_TASK DESCRIPTION_: Please repeat word for word the line containing "Nicole Bübl Ausstellerservice" and every following line up to and including the last one below, pictures excluded.

--- SUPPLIED MATERIAL Enclosed Below ---

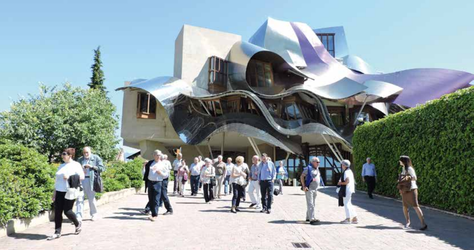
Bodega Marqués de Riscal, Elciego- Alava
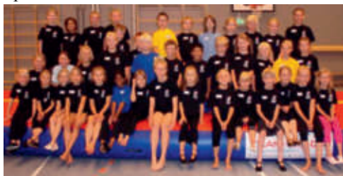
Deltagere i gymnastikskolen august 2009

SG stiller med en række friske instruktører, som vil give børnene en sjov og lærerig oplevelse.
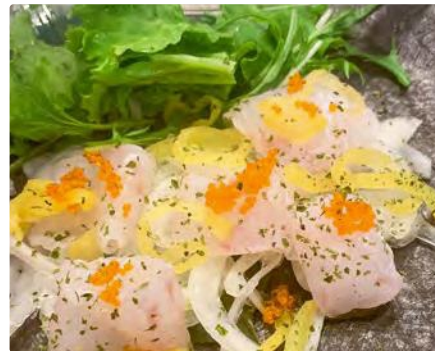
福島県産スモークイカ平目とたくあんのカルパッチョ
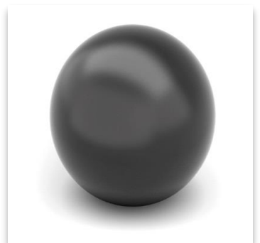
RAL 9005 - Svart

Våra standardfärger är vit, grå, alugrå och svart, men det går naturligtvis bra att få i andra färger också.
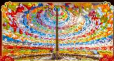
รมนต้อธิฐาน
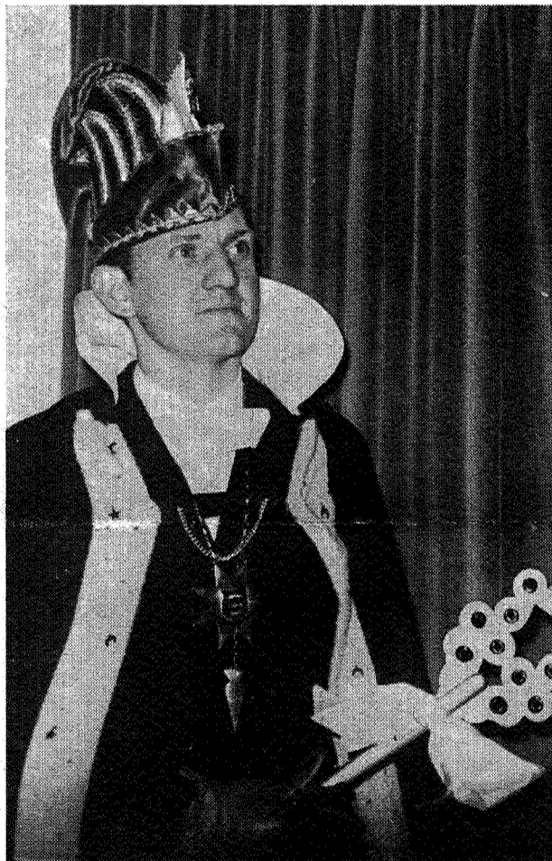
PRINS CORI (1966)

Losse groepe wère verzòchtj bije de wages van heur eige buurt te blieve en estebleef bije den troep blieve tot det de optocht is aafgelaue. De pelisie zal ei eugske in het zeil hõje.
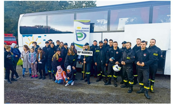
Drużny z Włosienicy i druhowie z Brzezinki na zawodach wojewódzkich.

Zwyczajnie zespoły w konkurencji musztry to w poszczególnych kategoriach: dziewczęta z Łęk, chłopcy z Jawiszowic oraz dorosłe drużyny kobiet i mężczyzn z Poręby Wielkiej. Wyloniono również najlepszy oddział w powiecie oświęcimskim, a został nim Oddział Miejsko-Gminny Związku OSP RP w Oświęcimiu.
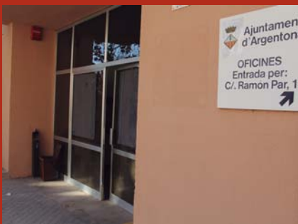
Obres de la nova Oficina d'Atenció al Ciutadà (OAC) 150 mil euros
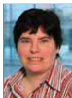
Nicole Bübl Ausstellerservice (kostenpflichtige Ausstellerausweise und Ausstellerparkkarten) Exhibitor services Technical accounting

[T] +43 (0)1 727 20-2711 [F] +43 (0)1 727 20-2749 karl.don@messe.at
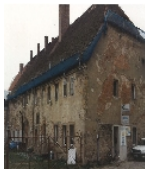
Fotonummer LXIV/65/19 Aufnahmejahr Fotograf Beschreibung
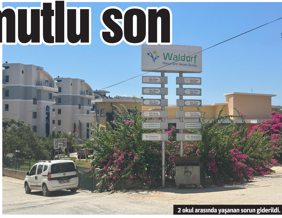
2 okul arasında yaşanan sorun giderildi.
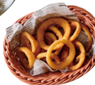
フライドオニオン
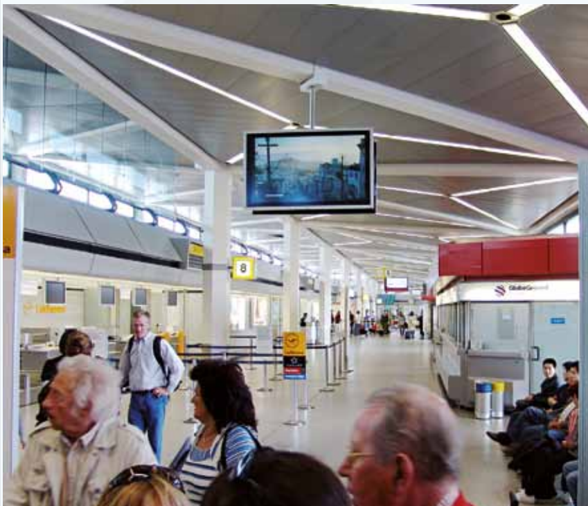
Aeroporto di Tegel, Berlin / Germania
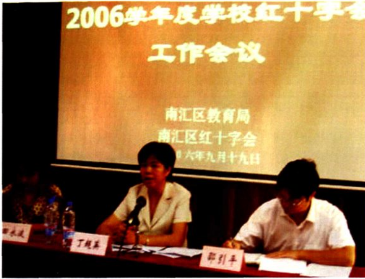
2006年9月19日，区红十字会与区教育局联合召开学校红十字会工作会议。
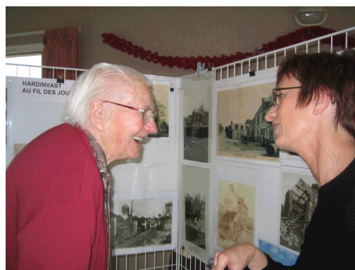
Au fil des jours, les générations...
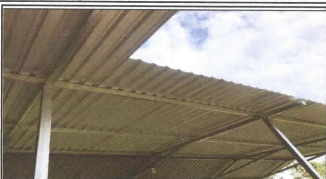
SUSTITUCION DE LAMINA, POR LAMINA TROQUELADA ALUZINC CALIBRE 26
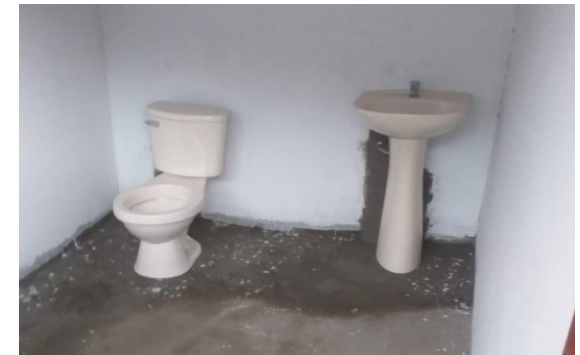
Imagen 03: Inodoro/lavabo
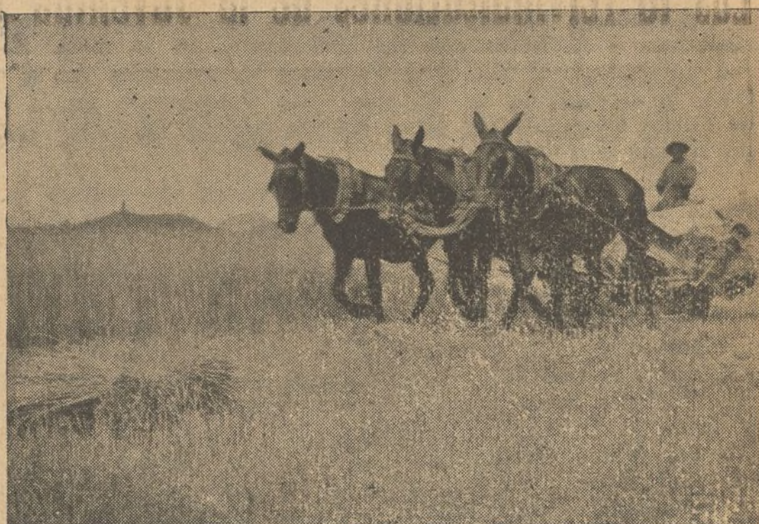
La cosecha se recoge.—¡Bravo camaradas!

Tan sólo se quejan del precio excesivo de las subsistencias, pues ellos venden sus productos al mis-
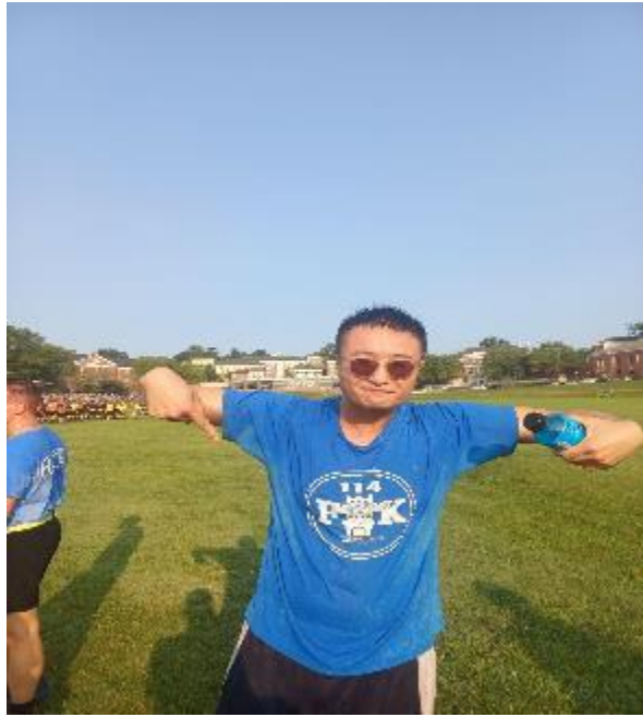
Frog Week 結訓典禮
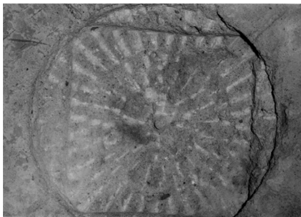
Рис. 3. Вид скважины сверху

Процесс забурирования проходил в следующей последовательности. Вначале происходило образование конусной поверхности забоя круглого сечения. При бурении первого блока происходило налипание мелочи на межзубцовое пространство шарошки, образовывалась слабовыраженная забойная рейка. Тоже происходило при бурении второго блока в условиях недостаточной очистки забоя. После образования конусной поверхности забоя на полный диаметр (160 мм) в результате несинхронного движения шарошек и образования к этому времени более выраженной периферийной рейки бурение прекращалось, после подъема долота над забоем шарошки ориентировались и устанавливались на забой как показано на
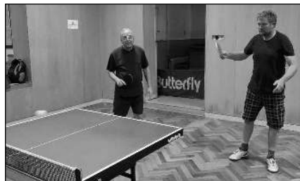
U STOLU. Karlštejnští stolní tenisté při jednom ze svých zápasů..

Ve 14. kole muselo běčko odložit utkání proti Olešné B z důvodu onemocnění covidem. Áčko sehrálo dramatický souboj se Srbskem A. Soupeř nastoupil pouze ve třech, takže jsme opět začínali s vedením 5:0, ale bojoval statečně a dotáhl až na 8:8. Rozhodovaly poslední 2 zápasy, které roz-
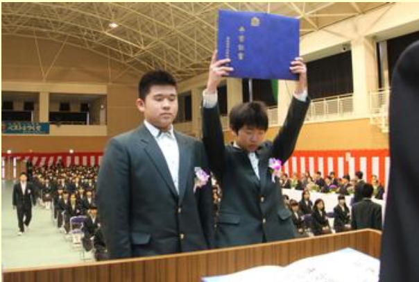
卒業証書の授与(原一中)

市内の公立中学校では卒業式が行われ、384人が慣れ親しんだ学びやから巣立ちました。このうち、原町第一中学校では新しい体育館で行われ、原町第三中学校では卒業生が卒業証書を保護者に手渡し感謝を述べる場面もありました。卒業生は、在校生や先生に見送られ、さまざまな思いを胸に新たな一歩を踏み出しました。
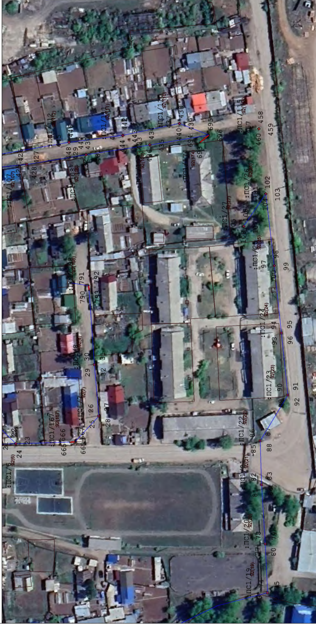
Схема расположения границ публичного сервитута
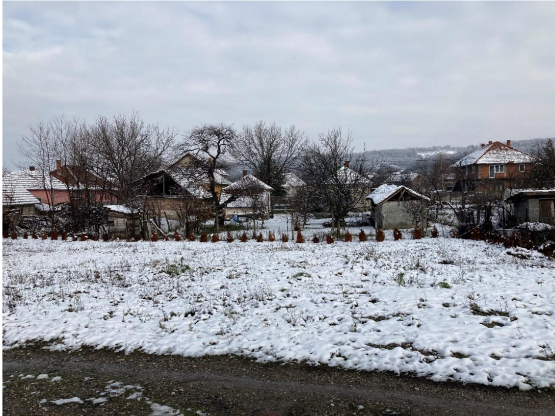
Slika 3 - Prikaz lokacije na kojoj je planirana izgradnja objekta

--- End of Enclosed SUPPLIED MATERIAL ---

_ANSWER FOR THE TASK_:
Nicole Bübl Ausstellerservice (kostenpflichtige Ausstellerausweise und Ausstellerparkkarten) Exhibitor services Technical accounting

[T] +43 (0)1 727 20-2711 [F] +43 (0)1 727 20-2749 karl.don@messe.at
Fotonummer LXIV/65/19 Aufnahmejahr Fotograf Beschreibung
2 okul arasında yaşanan sorun giderildi.
フライドオニオン
Aeroporto di Tegel, Berlin / Germania
2006年9月19日，区红十字会与区教育局联合召开学校红十字会工作会议。
Au fil des jours, les générations...
SUSTITUCION DE LAMINA, POR LAMINA TROQUELADA ALUZINC CALIBRE 26
Imagen 03: Inodoro/lavabo
La cosecha se recoge.—¡Bravo camaradas!

Tan sólo se quejan del precio excesivo de las subsistencias, pues ellos venden sus productos al mis-
Frog Week 結訓典禮
Рис. 3. Вид скважины сверху

Процесс забурирования проходил в следующей последовательности. Вначале происходило образование конусной поверхности забоя круглого сечения. При бурении первого блока происходило налипание мелочи на межзубцовое пространство шарошки, образовывалась слабовыраженная забойная рейка. Тоже происходило при бурении второго блока в условиях недостаточной очистки забоя. После образования конусной поверхности забоя на полный диаметр (160 мм) в результате несинхронного движения шарошек и образования к этому времени более выраженной периферийной рейки бурение прекращалось, после подъема долота над забоем шарошки ориентировались и устанавливались на забой как показано на
U STOLU. Karlštejnští stolní tenisté při jednom ze svých zápasů..

Ve 14. kole muselo běčko odložit utkání proti Olešné B z důvodu onemocnění covidem. Áčko sehrálo dramatický souboj se Srbskem A. Soupeř nastoupil pouze ve třech, takže jsme opět začínali s vedením 5:0, ale bojoval statečně a dotáhl až na 8:8. Rozhodovaly poslední 2 zápasy, které roz-
卒業証書の授与(原一中)

市内の公立中学校では卒業式が行われ、384人が慣れ親しんだ学びやから巣立ちました。このうち、原町第一中学校では新しい体育館で行われ、原町第三中学校では卒業生が卒業証書を保護者に手渡し感謝を述べる場面もありました。卒業生は、在校生や先生に見送られ、さまざまな思いを胸に新たな一歩を踏み出しました。
Схема расположения границ публичного сервитута
Slika 3 - Prikaz lokacije na kojoj je planirana izgradnja objekta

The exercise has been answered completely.